## DATASET CONTENT:
[Start of Attachment]

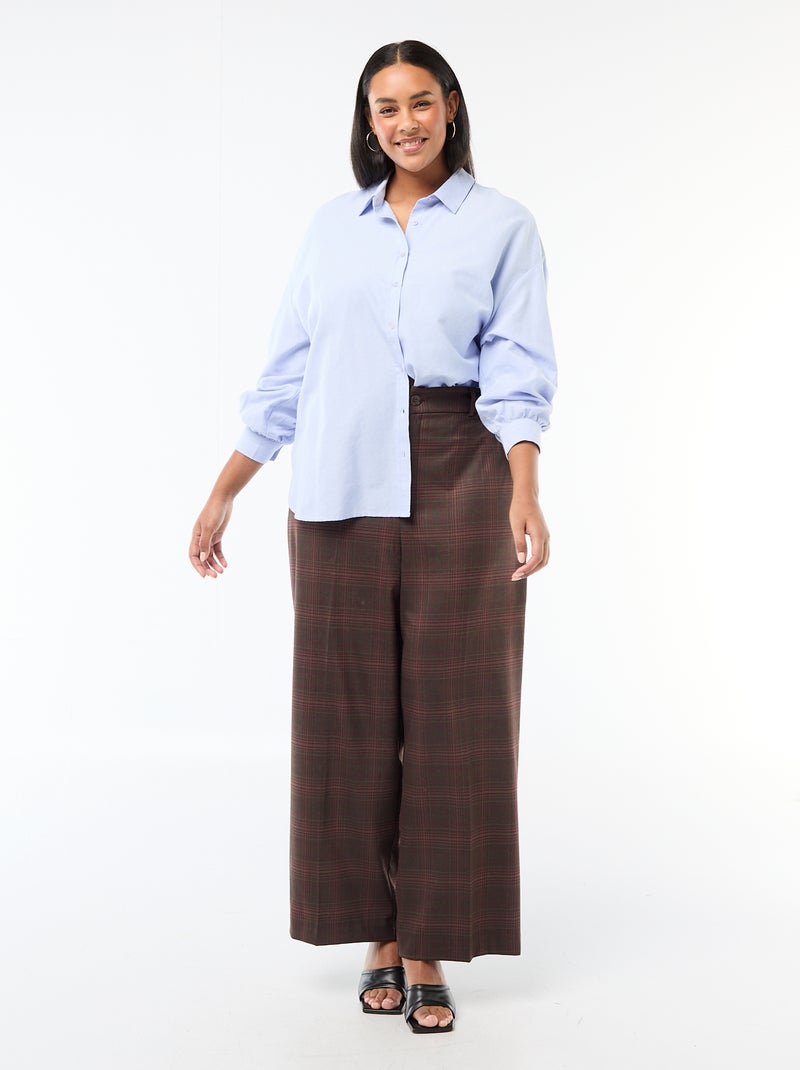 Pantalon large à carreaux - Marron
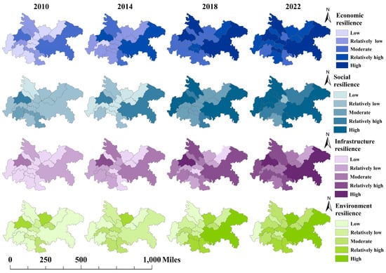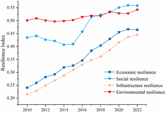 The urban resilience was categorized into four subsystems from the perspective of urban systems, and resilience indices for these subsystems were calculated from 2010 to 2022. As shown in Figure 6, economic and infrastructure resilience exhibited steady growth. Social resilience experienced a significant increase after 2016, gradually diverging from the other dimensions. Environmental resilience remained relatively stable. Comprehensive resilience showed a consistent upward trend driven by concurrent improvement in all dimensions.
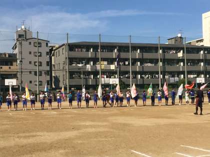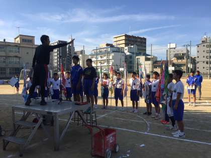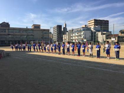 放課後、生徒会役員と体育委員で「運動会開閉会式」の練習を行いました。
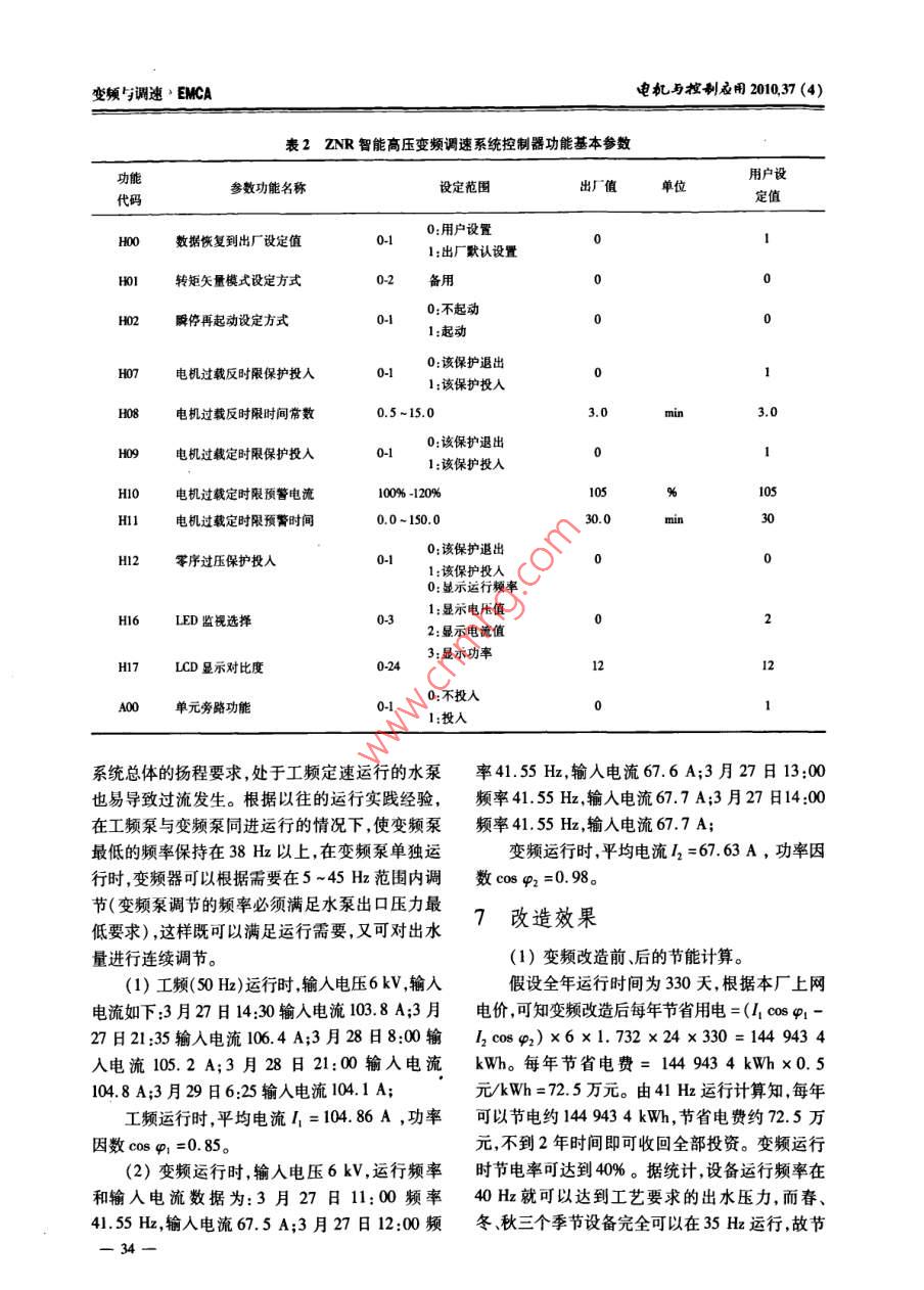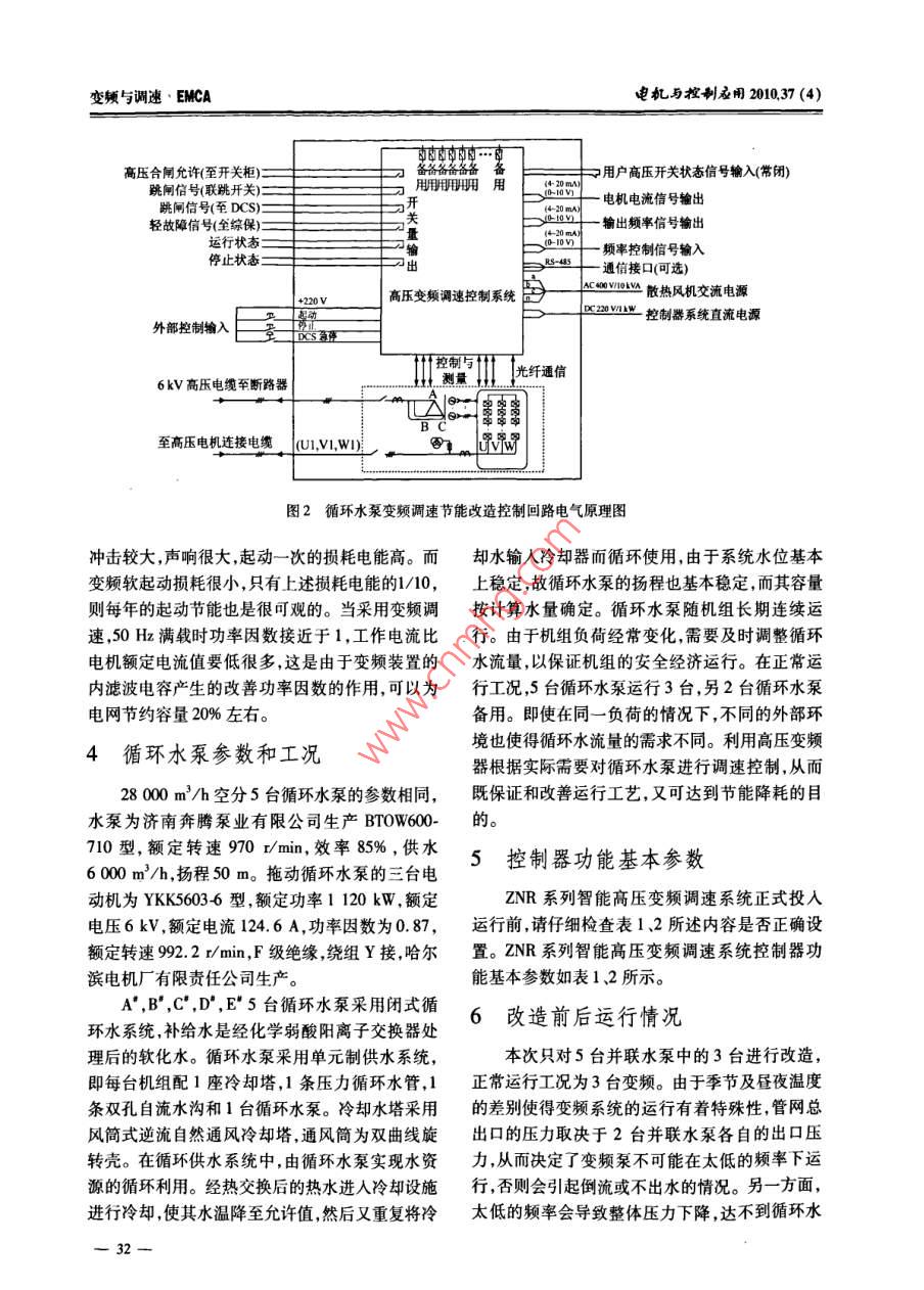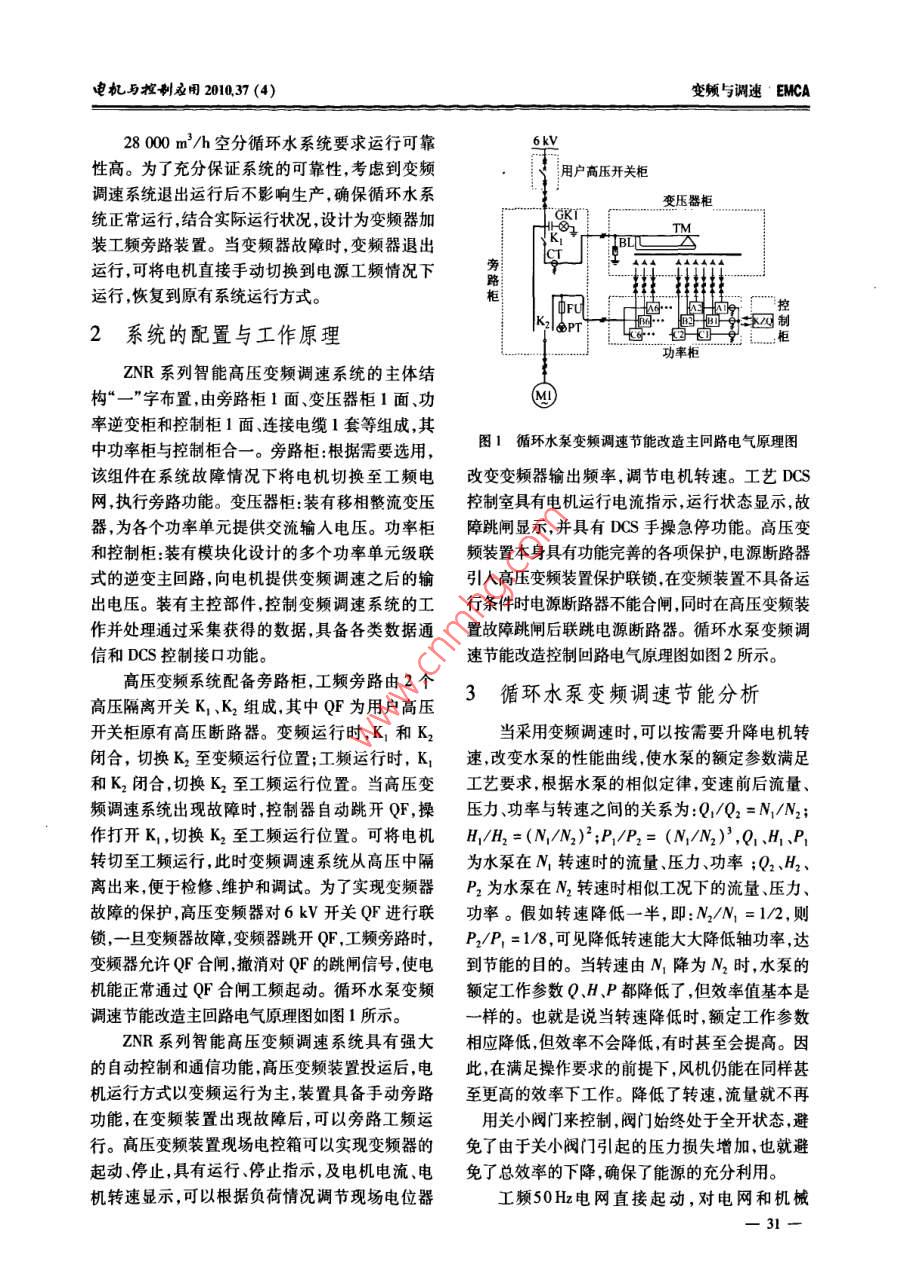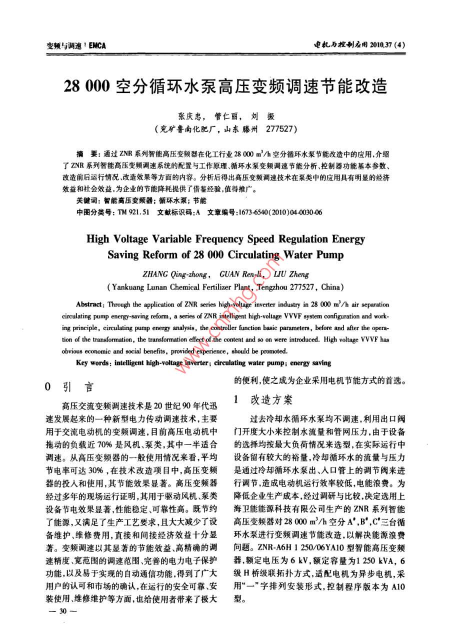 與調(diào)速!EMcA電機(jī)與控制應(yīng)用201037(4)28000空分循環(huán)水泵高壓變頻調(diào)速節(jié)能改造張慶忠,管仁麗,劉振(兗礦魯南化肥廠,山東膝州277527)摘要:通過ZNR系列智能高壓變頻器在化工行業(yè)28000m3/h空分循環(huán)水泵節(jié)能改造中的應(yīng)用介紹了ZNR系列智能高壓變頻調(diào)速系統(tǒng)的配置與工作原理循環(huán)水泵變頻調(diào)速節(jié)能分析控制器功能基本參數(shù)改造前后運(yùn)行情況、改造效果等方面的內(nèi)容。分析后得出高壓變頻調(diào)速技術(shù)在泵類中的應(yīng)用具有明顯的經(jīng)濟(jì)效益和社會效益,為企業(yè)的節(jié)能降耗提供了借鑒經(jīng)驗(yàn),值得推廣。關(guān)鍵詞:智能高壓變頻器;循環(huán)水泵;節(jié)能中圖分類號:TM921.51文獻(xiàn)標(biāo)識碼:A文章編號:16736540(2010)0400006High Voltage Variable Frequency Speed Regulation EnergySaving Reform of 28 000 Circulating WZHANG Qing-zhong, GUAN Ren-li, LIU Zheng(Yankuang Lunan Chemical Fertilizer Plant, Tengzhou 277527, China)Through the application of ZNR series higcirculating pump energy-saving reform, a series of ZNR intelligent high-voltage VVVF system configuration and work-on of the transformation, the transformation effect of the content and so on were introduced. High voltage VVVF hasobvious economic and social benefits, provided experience, should be promoted.Key words intelligent high-voltage inverter: circulating water pump: energy saving0引言的便利,使之成為企業(yè)采用電機(jī)節(jié)能方式的首選。高壓交流變頻調(diào)速技術(shù)是20世紀(jì)9年代迅1改造方案速發(fā)展起來的一種新型電力傳動調(diào)速技術(shù),主要過去冷卻水循環(huán)水泵均不調(diào)速,利用出口閥用于交流電動機(jī)的變頻調(diào)速,目前高壓電動機(jī)中門開度大小來控制水流量和管網(wǎng)壓力,由于設(shè)備拖動的負(fù)載近70%是風(fēng)機(jī)、泵類,其中一半適合的選擇均按最大負(fù)荷情況來選型,在實(shí)際運(yùn)行中調(diào)速。從高壓變頻器的一般使用情況來看,平均設(shè)備留有較大的裕量,冷卻循環(huán)水的流量與壓力節(jié)電率可達(dá)30%,在技術(shù)改造項(xiàng)目中,高壓變頻是通過冷卻循環(huán)水泵出、入口管上的調(diào)節(jié)閥來進(jìn)器的投入和使用,其節(jié)能效果顯著。高壓變頻器行調(diào)節(jié),造成電動機(jī)運(yùn)行效率較低,電能浪費(fèi)。為經(jīng)過多年的現(xiàn)場運(yùn)行證明,其用于驅(qū)動風(fēng)機(jī)、泵類降低企業(yè)生產(chǎn)成本,經(jīng)過調(diào)研與比較決定選用上設(shè)備節(jié)電效果顯著,性能穩(wěn)定、可靠性高。既節(jié)約海衛(wèi)能能源科技有限公司生產(chǎn)的ZNR系列智能了能源,又滿足了生產(chǎn)工藝要求,且大大減少了設(shè)高壓變頻器對28000m3/h空分A,B’,C三臺循備維護(hù)、維修費(fèi)用,直接和間接經(jīng)濟(jì)效益十分顯環(huán)水泵進(jìn)行變頻調(diào)速節(jié)能改造,以解決能源浪費(fèi)著。變頻調(diào)速以其顯著的節(jié)能效益、高精確的調(diào)問題。ZNRA6H1250/06YA10型智能高壓變頻速精度、寬范圍的調(diào)速范圍、完善的電力電子保護(hù)器額定電壓為6kV,額定容量為1250kVA,6功能以及易于實(shí)現(xiàn)的自動通信功能得到了廣大級H橋級聯(lián)拓?fù)浞绞竭m配電機(jī)為異步電機(jī),采用戶的認(rèn)可和市場的確認(rèn),在運(yùn)行的安全可靠、安用“一”字排列安裝形式,控制程序版本為A0裝使用維修維護(hù)等方面也給使用者帶來了極大型。電機(jī)巧控剝用2010.37(4)變頻與調(diào)速EMcA28000m3/h空分循環(huán)水系統(tǒng)要求運(yùn)行可靠性高。為了充分保證系統(tǒng)的可靠性,考慮到變頻用戶高壓開關(guān)柜調(diào)速系統(tǒng)退出運(yùn)行后不影響生產(chǎn),確保循環(huán)水系變壓器柜統(tǒng)正常運(yùn)行,結(jié)合實(shí)際運(yùn)行狀況,設(shè)計(jì)為變頻器加裝工頻旁路裝置。當(dāng)變頻器故障時(shí),變頻器退出運(yùn)行,可將電機(jī)直接手動切換到電源工頻情況下運(yùn)行,恢復(fù)到原有系統(tǒng)運(yùn)行方式???系統(tǒng)的配置與工作原理本制功率柜ZNR系列智能高壓變頻調(diào)速系統(tǒng)的主體結(jié)構(gòu)“一”字布置,由旁路柜1面、變壓器柜1面、功率逆變柜和控制柜1面、連接電纜1套等組成,其中功率柜與控制柜合一。旁路柜:根據(jù)需要選用,圖1循環(huán)水泵變頻調(diào)速節(jié)能改造主回路電氣原理圖該組件在系統(tǒng)故障情況下將電機(jī)切換至工頻電改變變頻器輸出頻率,調(diào)節(jié)電機(jī)轉(zhuǎn)速。工藝DCS網(wǎng),執(zhí)行旁路功能。變壓器柜:裝有移相整流變壓控制室具有電機(jī)運(yùn)行電流指示,運(yùn)行狀態(tài)顯示,故器,為各個(gè)功率單元提供交流輸入電壓。功率柜障跳閘顯示,并具有DCS手操急停功能。高壓變和控制柜:裝有模塊化設(shè)計(jì)的多個(gè)功率單元級聯(lián)頻裝置本身具有功能完善的各項(xiàng)保護(hù)電源斷路器式的逆變主回路,向電機(jī)提供變頻調(diào)速之后的輸引人高壓變頻裝置保護(hù)聯(lián)鎖,在變頻裝置不具備運(yùn)出電壓。裝有主控部件,控制變頻調(diào)速系統(tǒng)的工行條件時(shí)電源斷路器不能合閘,同時(shí)在高壓變頻裝作并處理通過釆集獲得的數(shù)據(jù),具備各類數(shù)據(jù)通置故障跳

[End of Attachment]

## TASK DETAILS:
Word for word, restate all of the material, omitting the images.

## PROBLEM SOLUTION:
 Pantalon large à carreaux - Marron
 The urban resilience was categorized into four subsystems from the perspective of urban systems, and resilience indices for these subsystems were calculated from 2010 to 2022. As shown in Figure 6, economic and infrastructure resilience exhibited steady growth. Social resilience experienced a significant increase after 2016, gradually diverging from the other dimensions. Environmental resilience remained relatively stable. Comprehensive resilience showed a consistent upward trend driven by concurrent improvement in all dimensions.
 放課後、生徒会役員と体育委員で「運動会開閉会式」の練習を行いました。
 與調(diào)速!EMcA電機(jī)與控制應(yīng)用201037(4)28000空分循環(huán)水泵高壓變頻調(diào)速節(jié)能改造張慶忠,管仁麗,劉振(兗礦魯南化肥廠,山東膝州277527)摘要:通過ZNR系列智能高壓變頻器在化工行業(yè)28000m3/h空分循環(huán)水泵節(jié)能改造中的應(yīng)用介紹了ZNR系列智能高壓變頻調(diào)速系統(tǒng)的配置與工作原理循環(huán)水泵變頻調(diào)速節(jié)能分析控制器功能基本參數(shù)改造前后運(yùn)行情況、改造效果等方面的內(nèi)容。分析后得出高壓變頻調(diào)速技術(shù)在泵類中的應(yīng)用具有明顯的經(jīng)濟(jì)效益和社會效益,為企業(yè)的節(jié)能降耗提供了借鑒經(jīng)驗(yàn),值得推廣。關(guān)鍵詞:智能高壓變頻器;循環(huán)水泵;節(jié)能中圖分類號:TM921.51文獻(xiàn)標(biāo)識碼:A文章編號:16736540(2010)0400006High Voltage Variable Frequency Speed Regulation EnergySaving Reform of 28 000 Circulating WZHANG Qing-zhong, GUAN Ren-li, LIU Zheng(Yankuang Lunan Chemical Fertilizer Plant, Tengzhou 277527, China)Through the application of ZNR series higcirculating pump energy-saving reform, a series of ZNR intelligent high-voltage VVVF system configuration and work-on of the transformation, the transformation effect of the content and so on were introduced. High voltage VVVF hasobvious economic and social benefits, provided experience, should be promoted.Key words intelligent high-voltage inverter: circulating water pump: energy saving0引言的便利,使之成為企業(yè)采用電機(jī)節(jié)能方式的首選。高壓交流變頻調(diào)速技術(shù)是20世紀(jì)9年代迅1改造方案速發(fā)展起來的一種新型電力傳動調(diào)速技術(shù),主要過去冷卻水循環(huán)水泵均不調(diào)速,利用出口閥用于交流電動機(jī)的變頻調(diào)速,目前高壓電動機(jī)中門開度大小來控制水流量和管網(wǎng)壓力,由于設(shè)備拖動的負(fù)載近70%是風(fēng)機(jī)、泵類,其中一半適合的選擇均按最大負(fù)荷情況來選型,在實(shí)際運(yùn)行中調(diào)速。從高壓變頻器的一般使用情況來看,平均設(shè)備留有較大的裕量,冷卻循環(huán)水的流量與壓力節(jié)電率可達(dá)30%,在技術(shù)改造項(xiàng)目中,高壓變頻是通過冷卻循環(huán)水泵出、入口管上的調(diào)節(jié)閥來進(jìn)器的投入和使用,其節(jié)能效果顯著。高壓變頻器行調(diào)節(jié),造成電動機(jī)運(yùn)行效率較低,電能浪費(fèi)。為經(jīng)過多年的現(xiàn)場運(yùn)行證明,其用于驅(qū)動風(fēng)機(jī)、泵類降低企業(yè)生產(chǎn)成本,經(jīng)過調(diào)研與比較決定選用上設(shè)備節(jié)電效果顯著,性能穩(wěn)定、可靠性高。既節(jié)約海衛(wèi)能能源科技有限公司生產(chǎn)的ZNR系列智能了能源,又滿足了生產(chǎn)工藝要求,且大大減少了設(shè)高壓變頻器對28000m3/h空分A,B’,C三臺循備維護(hù)、維修費(fèi)用,直接和間接經(jīng)濟(jì)效益十分顯環(huán)水泵進(jìn)行變頻調(diào)速節(jié)能改造,以解決能源浪費(fèi)著。變頻調(diào)速以其顯著的節(jié)能效益、高精確的調(diào)問題。ZNRA6H1250/06YA10型智能高壓變頻速精度、寬范圍的調(diào)速范圍、完善的電力電子保護(hù)器額定電壓為6kV,額定容量為1250kVA,6功能以及易于實(shí)現(xiàn)的自動通信功能得到了廣大級H橋級聯(lián)拓?fù)浞绞竭m配電機(jī)為異步電機(jī),采用戶的認(rèn)可和市場的確認(rèn),在運(yùn)行的安全可靠、安用“一”字排列安裝形式,控制程序版本為A0裝使用維修維護(hù)等方面也給使用者帶來了極大型。電機(jī)巧控剝用2010.37(4)變頻與調(diào)速EMcA28000m3/h空分循環(huán)水系統(tǒng)要求運(yùn)行可靠性高。為了充分保證系統(tǒng)的可靠性,考慮到變頻用戶高壓開關(guān)柜調(diào)速系統(tǒng)退出運(yùn)行后不影響生產(chǎn),確保循環(huán)水系變壓器柜統(tǒng)正常運(yùn)行,結(jié)合實(shí)際運(yùn)行狀況,設(shè)計(jì)為變頻器加裝工頻旁路裝置。當(dāng)變頻器故障時(shí),變頻器退出運(yùn)行,可將電機(jī)直接手動切換到電源工頻情況下運(yùn)行,恢復(fù)到原有系統(tǒng)運(yùn)行方式???系統(tǒng)的配置與工作原理本制功率柜ZNR系列智能高壓變頻調(diào)速系統(tǒng)的主體結(jié)構(gòu)“一”字布置,由旁路柜1面、變壓器柜1面、功率逆變柜和控制柜1面、連接電纜1套等組成,其中功率柜與控制柜合一。旁路柜:根據(jù)需要選用,圖1循環(huán)水泵變頻調(diào)速節(jié)能改造主回路電氣原理圖該組件在系統(tǒng)故障情況下將電機(jī)切換至工頻電改變變頻器輸出頻率,調(diào)節(jié)電機(jī)轉(zhuǎn)速。工藝DCS網(wǎng),執(zhí)行旁路功能。變壓器柜:裝有移相整流變壓控制室具有電機(jī)運(yùn)行電流指示,運(yùn)行狀態(tài)顯示,故器,為各個(gè)功率單元提供交流輸入電壓。功率柜障跳閘顯示,并具有DCS手操急停功能。高壓變和控制柜:裝有模塊化設(shè)計(jì)的多個(gè)功率單元級聯(lián)頻裝置本身具有功能完善的各項(xiàng)保護(hù)電源斷路器式的逆變主回路,向電機(jī)提供變頻調(diào)速之后的輸引人高壓變頻裝置保護(hù)聯(lián)鎖,在變頻裝置不具備運(yùn)出電壓。裝有主控部件,控制變頻調(diào)速系統(tǒng)的工行條件時(shí)電源斷路器不能合閘,同時(shí)在高壓變頻裝作并處理通過釆集獲得的數(shù)據(jù),具備各類數(shù)據(jù)通置故障跳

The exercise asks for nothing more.